START DATA SUPPLIED

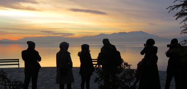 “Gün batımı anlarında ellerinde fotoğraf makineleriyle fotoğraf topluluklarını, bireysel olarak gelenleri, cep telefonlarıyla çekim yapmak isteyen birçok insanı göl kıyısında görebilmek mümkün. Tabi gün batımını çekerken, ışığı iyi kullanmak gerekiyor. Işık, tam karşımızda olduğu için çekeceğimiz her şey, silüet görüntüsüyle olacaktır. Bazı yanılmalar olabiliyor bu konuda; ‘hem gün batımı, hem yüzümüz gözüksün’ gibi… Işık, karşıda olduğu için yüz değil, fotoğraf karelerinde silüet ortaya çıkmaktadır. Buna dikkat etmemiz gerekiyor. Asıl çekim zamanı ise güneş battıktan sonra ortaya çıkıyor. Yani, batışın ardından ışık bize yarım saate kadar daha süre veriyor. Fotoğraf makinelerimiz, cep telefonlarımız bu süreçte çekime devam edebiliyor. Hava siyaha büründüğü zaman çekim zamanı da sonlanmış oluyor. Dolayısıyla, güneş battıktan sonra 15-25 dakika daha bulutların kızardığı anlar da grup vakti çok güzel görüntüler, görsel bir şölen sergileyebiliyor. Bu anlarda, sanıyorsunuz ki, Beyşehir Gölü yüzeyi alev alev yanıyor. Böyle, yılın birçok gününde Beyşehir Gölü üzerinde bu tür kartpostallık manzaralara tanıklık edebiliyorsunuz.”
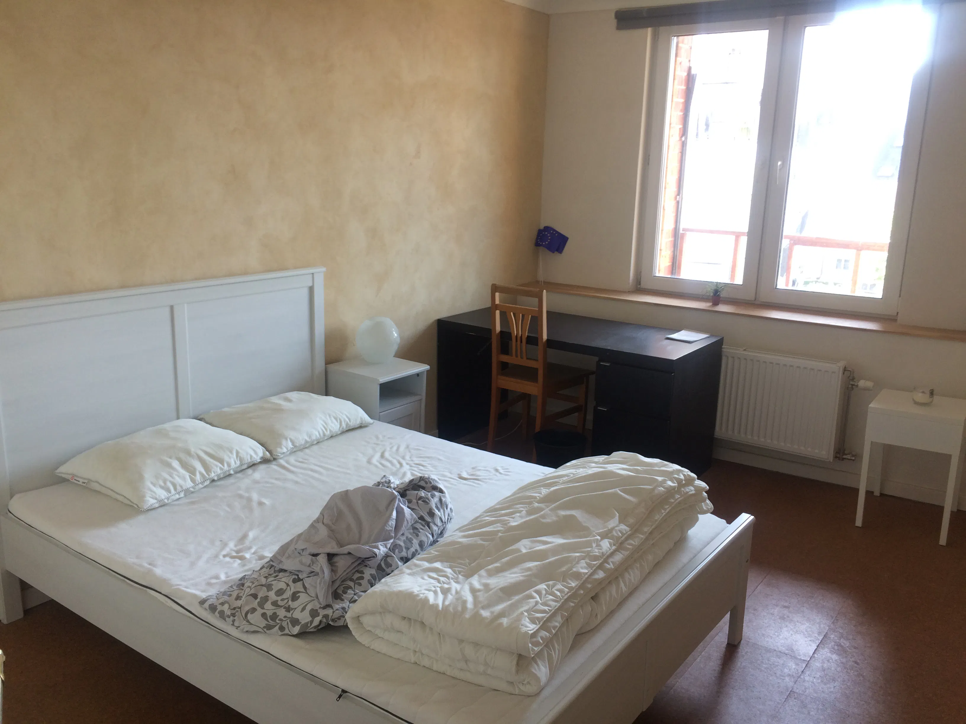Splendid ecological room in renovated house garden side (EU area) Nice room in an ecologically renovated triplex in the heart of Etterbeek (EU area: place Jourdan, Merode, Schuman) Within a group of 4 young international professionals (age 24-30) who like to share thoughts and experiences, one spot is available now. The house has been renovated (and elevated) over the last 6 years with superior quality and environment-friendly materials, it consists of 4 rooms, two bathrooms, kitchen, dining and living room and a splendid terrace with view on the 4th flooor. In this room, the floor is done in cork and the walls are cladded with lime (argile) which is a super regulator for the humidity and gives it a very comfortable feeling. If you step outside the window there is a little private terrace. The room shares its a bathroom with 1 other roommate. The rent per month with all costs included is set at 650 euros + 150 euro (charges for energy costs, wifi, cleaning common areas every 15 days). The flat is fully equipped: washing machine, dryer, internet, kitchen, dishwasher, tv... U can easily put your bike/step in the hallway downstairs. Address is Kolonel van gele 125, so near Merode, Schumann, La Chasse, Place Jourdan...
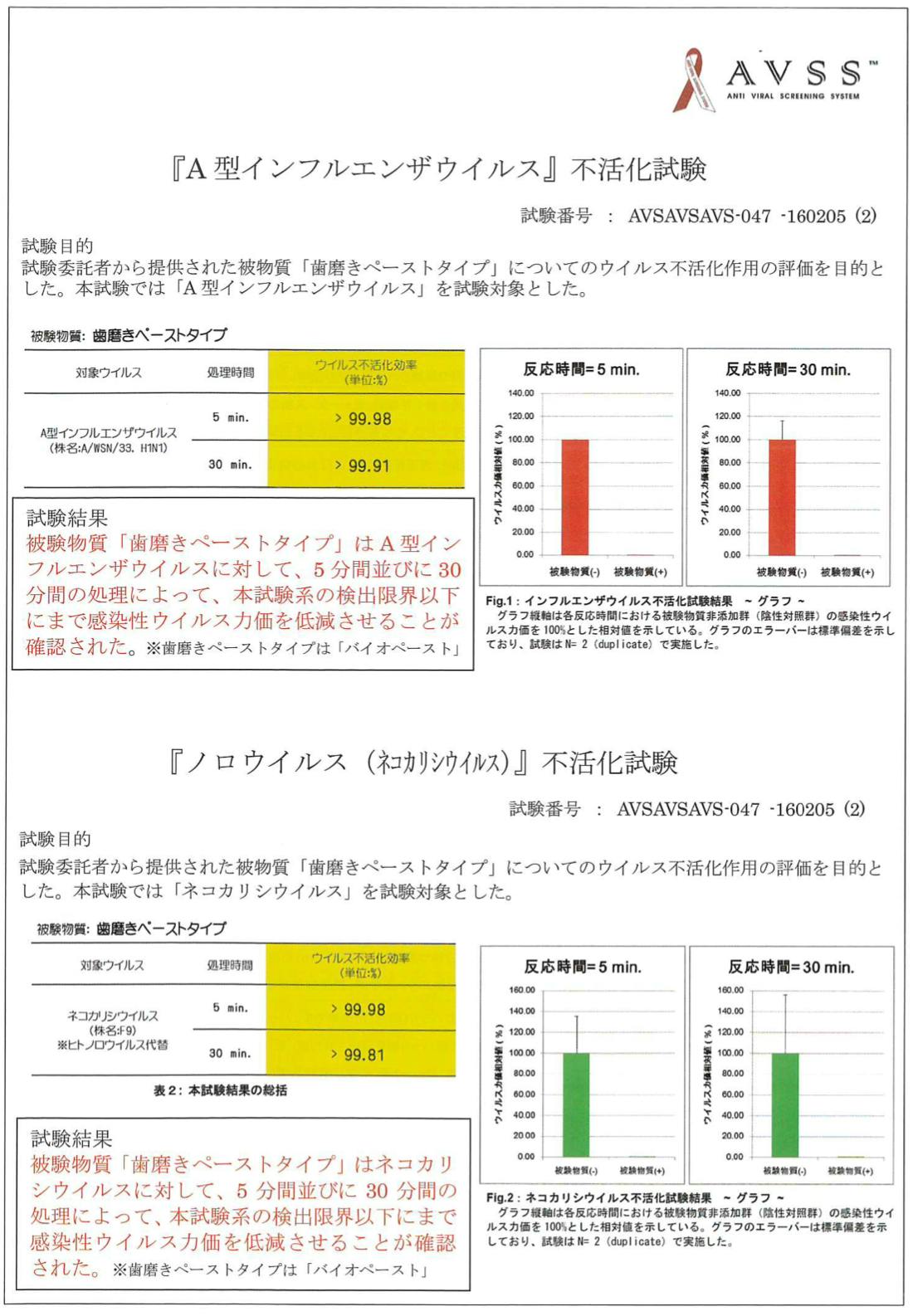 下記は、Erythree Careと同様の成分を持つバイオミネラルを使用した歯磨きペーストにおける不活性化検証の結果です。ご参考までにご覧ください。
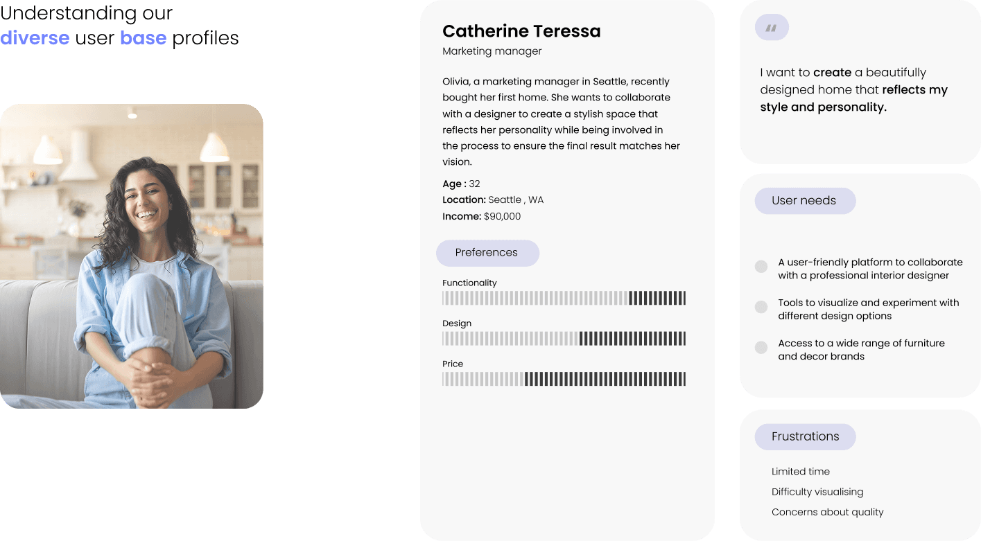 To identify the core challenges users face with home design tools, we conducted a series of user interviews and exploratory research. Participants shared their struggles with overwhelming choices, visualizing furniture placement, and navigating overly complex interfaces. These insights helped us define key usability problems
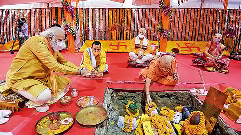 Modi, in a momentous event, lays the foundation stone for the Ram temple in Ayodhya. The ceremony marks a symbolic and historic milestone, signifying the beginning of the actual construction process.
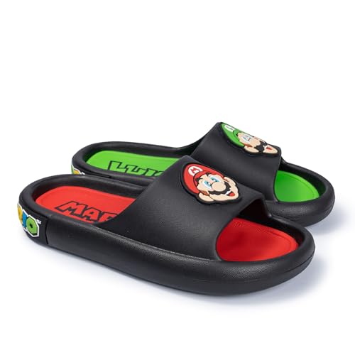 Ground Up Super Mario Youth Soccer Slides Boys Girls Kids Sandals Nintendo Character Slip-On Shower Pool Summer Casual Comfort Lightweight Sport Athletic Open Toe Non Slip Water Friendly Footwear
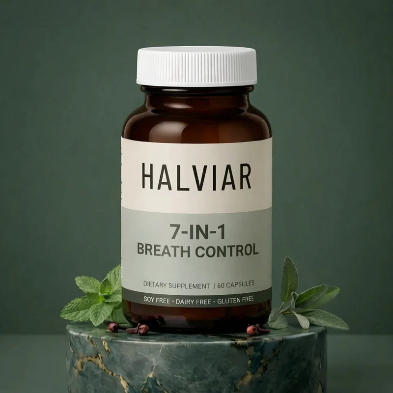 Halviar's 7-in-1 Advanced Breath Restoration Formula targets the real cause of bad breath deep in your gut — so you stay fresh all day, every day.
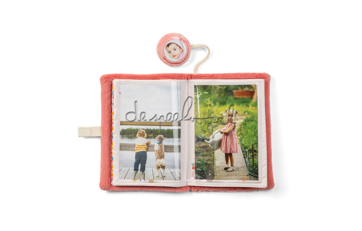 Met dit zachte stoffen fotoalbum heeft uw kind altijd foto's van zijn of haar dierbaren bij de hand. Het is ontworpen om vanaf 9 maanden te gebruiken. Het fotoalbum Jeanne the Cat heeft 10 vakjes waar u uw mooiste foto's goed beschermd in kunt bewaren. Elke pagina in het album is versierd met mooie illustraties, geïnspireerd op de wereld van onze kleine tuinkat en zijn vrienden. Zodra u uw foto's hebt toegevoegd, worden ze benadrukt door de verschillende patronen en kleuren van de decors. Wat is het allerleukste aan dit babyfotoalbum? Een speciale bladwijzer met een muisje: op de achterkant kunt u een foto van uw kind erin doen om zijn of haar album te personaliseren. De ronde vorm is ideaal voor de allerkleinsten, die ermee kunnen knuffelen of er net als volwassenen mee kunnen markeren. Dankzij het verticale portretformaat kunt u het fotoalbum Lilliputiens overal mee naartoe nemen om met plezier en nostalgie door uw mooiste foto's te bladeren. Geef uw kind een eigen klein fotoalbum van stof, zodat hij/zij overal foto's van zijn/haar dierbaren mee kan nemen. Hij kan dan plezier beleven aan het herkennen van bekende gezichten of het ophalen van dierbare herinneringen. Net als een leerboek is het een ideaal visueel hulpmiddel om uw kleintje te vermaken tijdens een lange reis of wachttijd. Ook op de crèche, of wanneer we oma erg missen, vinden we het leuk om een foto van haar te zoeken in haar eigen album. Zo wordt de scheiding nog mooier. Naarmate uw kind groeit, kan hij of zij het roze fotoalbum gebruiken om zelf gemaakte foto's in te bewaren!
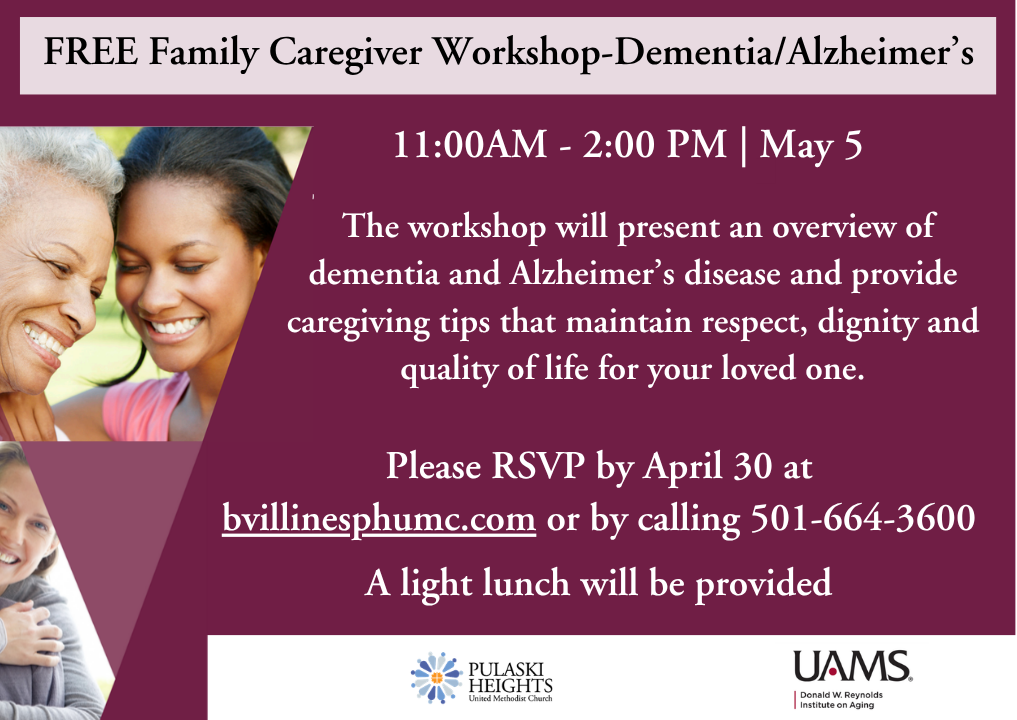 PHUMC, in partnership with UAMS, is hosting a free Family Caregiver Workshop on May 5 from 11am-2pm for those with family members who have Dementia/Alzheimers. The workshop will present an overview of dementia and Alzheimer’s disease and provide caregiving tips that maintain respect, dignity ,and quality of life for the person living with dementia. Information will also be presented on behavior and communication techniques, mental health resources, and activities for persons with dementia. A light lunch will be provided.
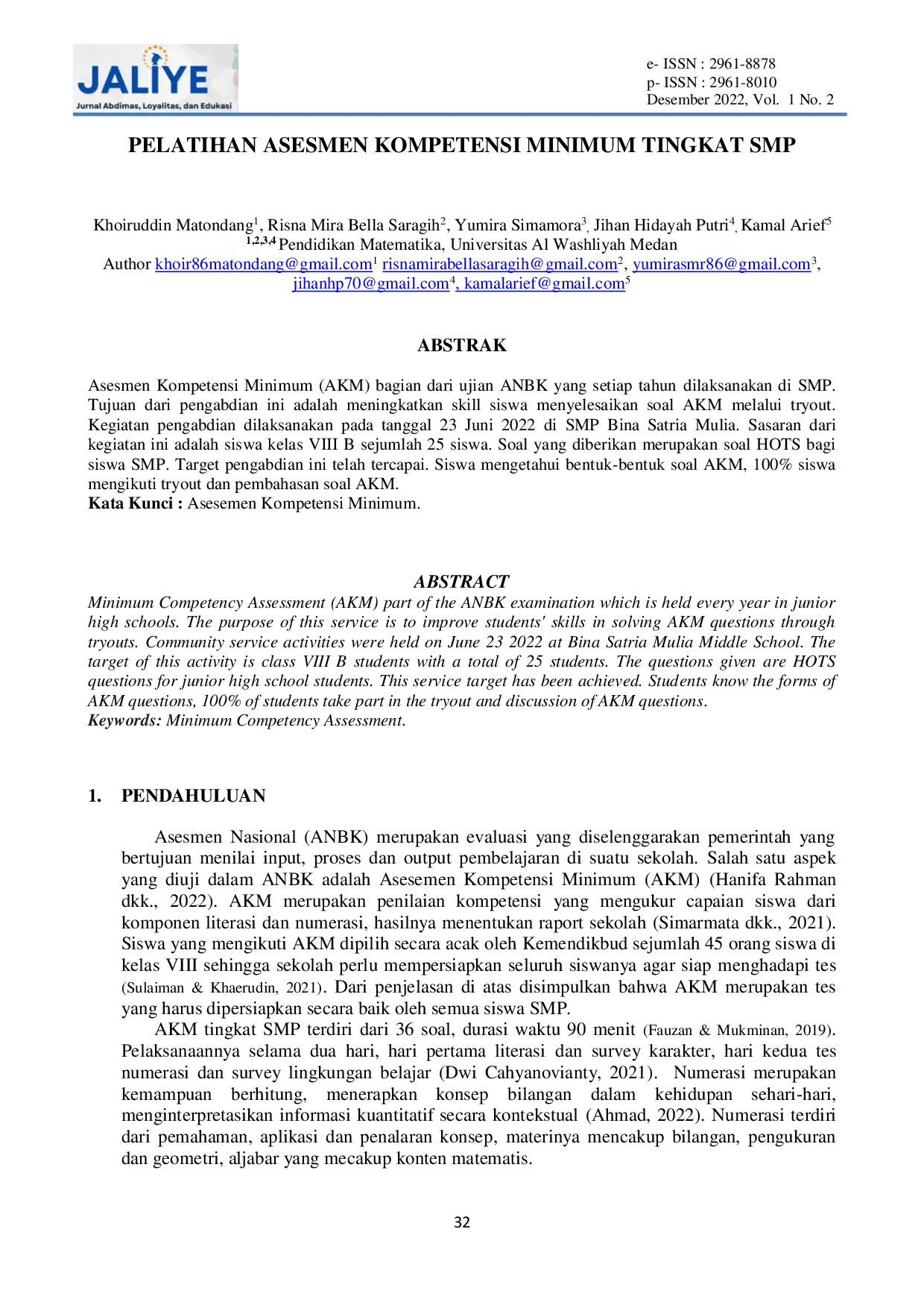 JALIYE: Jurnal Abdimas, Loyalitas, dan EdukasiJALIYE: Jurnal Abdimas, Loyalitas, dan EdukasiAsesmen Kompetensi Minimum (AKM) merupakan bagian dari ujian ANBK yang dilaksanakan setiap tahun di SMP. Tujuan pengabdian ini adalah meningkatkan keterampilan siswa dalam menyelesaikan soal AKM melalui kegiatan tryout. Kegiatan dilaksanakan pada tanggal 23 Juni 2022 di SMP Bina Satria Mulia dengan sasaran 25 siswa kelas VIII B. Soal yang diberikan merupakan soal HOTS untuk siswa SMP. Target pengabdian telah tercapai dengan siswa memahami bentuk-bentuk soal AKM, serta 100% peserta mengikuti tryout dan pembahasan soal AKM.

END DATA SUPPLIED

Please set down every record exactly as it appears, leaving out the pictures.

 “Gün batımı anlarında ellerinde fotoğraf makineleriyle fotoğraf topluluklarını, bireysel olarak gelenleri, cep telefonlarıyla çekim yapmak isteyen birçok insanı göl kıyısında görebilmek mümkün. Tabi gün batımını çekerken, ışığı iyi kullanmak gerekiyor. Işık, tam karşımızda olduğu için çekeceğimiz her şey, silüet görüntüsüyle olacaktır. Bazı yanılmalar olabiliyor bu konuda; ‘hem gün batımı, hem yüzümüz gözüksün’ gibi… Işık, karşıda olduğu için yüz değil, fotoğraf karelerinde silüet ortaya çıkmaktadır. Buna dikkat etmemiz gerekiyor. Asıl çekim zamanı ise güneş battıktan sonra ortaya çıkıyor. Yani, batışın ardından ışık bize yarım saate kadar daha süre veriyor. Fotoğraf makinelerimiz, cep telefonlarımız bu süreçte çekime devam edebiliyor. Hava siyaha büründüğü zaman çekim zamanı da sonlanmış oluyor. Dolayısıyla, güneş battıktan sonra 15-25 dakika daha bulutların kızardığı anlar da grup vakti çok güzel görüntüler, görsel bir şölen sergileyebiliyor. Bu anlarda, sanıyorsunuz ki, Beyşehir Gölü yüzeyi alev alev yanıyor. Böyle, yılın birçok gününde Beyşehir Gölü üzerinde bu tür kartpostallık manzaralara tanıklık edebiliyorsunuz.”
Splendid ecological room in renovated house garden side (EU area) Nice room in an ecologically renovated triplex in the heart of Etterbeek (EU area: place Jourdan, Merode, Schuman) Within a group of 4 young international professionals (age 24-30) who like to share thoughts and experiences, one spot is available now. The house has been renovated (and elevated) over the last 6 years with superior quality and environment-friendly materials, it consists of 4 rooms, two bathrooms, kitchen, dining and living room and a splendid terrace with view on the 4th flooor. In this room, the floor is done in cork and the walls are cladded with lime (argile) which is a super regulator for the humidity and gives it a very comfortable feeling. If you step outside the window there is a little private terrace. The room shares its a bathroom with 1 other roommate. The rent per month with all costs included is set at 650 euros + 150 euro (charges for energy costs, wifi, cleaning common areas every 15 days). The flat is fully equipped: washing machine, dryer, internet, kitchen, dishwasher, tv... U can easily put your bike/step in the hallway downstairs. Address is Kolonel van gele 125, so near Merode, Schumann, La Chasse, Place Jourdan...
 下記は、Erythree Careと同様の成分を持つバイオミネラルを使用した歯磨きペーストにおける不活性化検証の結果です。ご参考までにご覧ください。
 To identify the core challenges users face with home design tools, we conducted a series of user interviews and exploratory research. Participants shared their struggles with overwhelming choices, visualizing furniture placement, and navigating overly complex interfaces. These insights helped us define key usability problems
 Modi, in a momentous event, lays the foundation stone for the Ram temple in Ayodhya. The ceremony marks a symbolic and historic milestone, signifying the beginning of the actual construction process.
 Ground Up Super Mario Youth Soccer Slides Boys Girls Kids Sandals Nintendo Character Slip-On Shower Pool Summer Casual Comfort Lightweight Sport Athletic Open Toe Non Slip Water Friendly Footwear
 Halviar's 7-in-1 Advanced Breath Restoration Formula targets the real cause of bad breath deep in your gut — so you stay fresh all day, every day.
 Met dit zachte stoffen fotoalbum heeft uw kind altijd foto's van zijn of haar dierbaren bij de hand. Het is ontworpen om vanaf 9 maanden te gebruiken. Het fotoalbum Jeanne the Cat heeft 10 vakjes waar u uw mooiste foto's goed beschermd in kunt bewaren. Elke pagina in het album is versierd met mooie illustraties, geïnspireerd op de wereld van onze kleine tuinkat en zijn vrienden. Zodra u uw foto's hebt toegevoegd, worden ze benadrukt door de verschillende patronen en kleuren van de decors. Wat is het allerleukste aan dit babyfotoalbum? Een speciale bladwijzer met een muisje: op de achterkant kunt u een foto van uw kind erin doen om zijn of haar album te personaliseren. De ronde vorm is ideaal voor de allerkleinsten, die ermee kunnen knuffelen of er net als volwassenen mee kunnen markeren. Dankzij het verticale portretformaat kunt u het fotoalbum Lilliputiens overal mee naartoe nemen om met plezier en nostalgie door uw mooiste foto's te bladeren. Geef uw kind een eigen klein fotoalbum van stof, zodat hij/zij overal foto's van zijn/haar dierbaren mee kan nemen. Hij kan dan plezier beleven aan het herkennen van bekende gezichten of het ophalen van dierbare herinneringen. Net als een leerboek is het een ideaal visueel hulpmiddel om uw kleintje te vermaken tijdens een lange reis of wachttijd. Ook op de crèche, of wanneer we oma erg missen, vinden we het leuk om een foto van haar te zoeken in haar eigen album. Zo wordt de scheiding nog mooier. Naarmate uw kind groeit, kan hij of zij het roze fotoalbum gebruiken om zelf gemaakte foto's in te bewaren!
 PHUMC, in partnership with UAMS, is hosting a free Family Caregiver Workshop on May 5 from 11am-2pm for those with family members who have Dementia/Alzheimers. The workshop will present an overview of dementia and Alzheimer’s disease and provide caregiving tips that maintain respect, dignity ,and quality of life for the person living with dementia. Information will also be presented on behavior and communication techniques, mental health resources, and activities for persons with dementia. A light lunch will be provided.
 JALIYE: Jurnal Abdimas, Loyalitas, dan EdukasiJALIYE: Jurnal Abdimas, Loyalitas, dan EdukasiAsesmen Kompetensi Minimum (AKM) merupakan bagian dari ujian ANBK yang dilaksanakan setiap tahun di SMP. Tujuan pengabdian ini adalah meningkatkan keterampilan siswa dalam menyelesaikan soal AKM melalui kegiatan tryout. Kegiatan dilaksanakan pada tanggal 23 Juni 2022 di SMP Bina Satria Mulia dengan sasaran 25 siswa kelas VIII B. Soal yang diberikan merupakan soal HOTS untuk siswa SMP. Target pengabdian telah tercapai dengan siswa memahami bentuk-bentuk soal AKM, serta 100% peserta mengikuti tryout dan pembahasan soal AKM.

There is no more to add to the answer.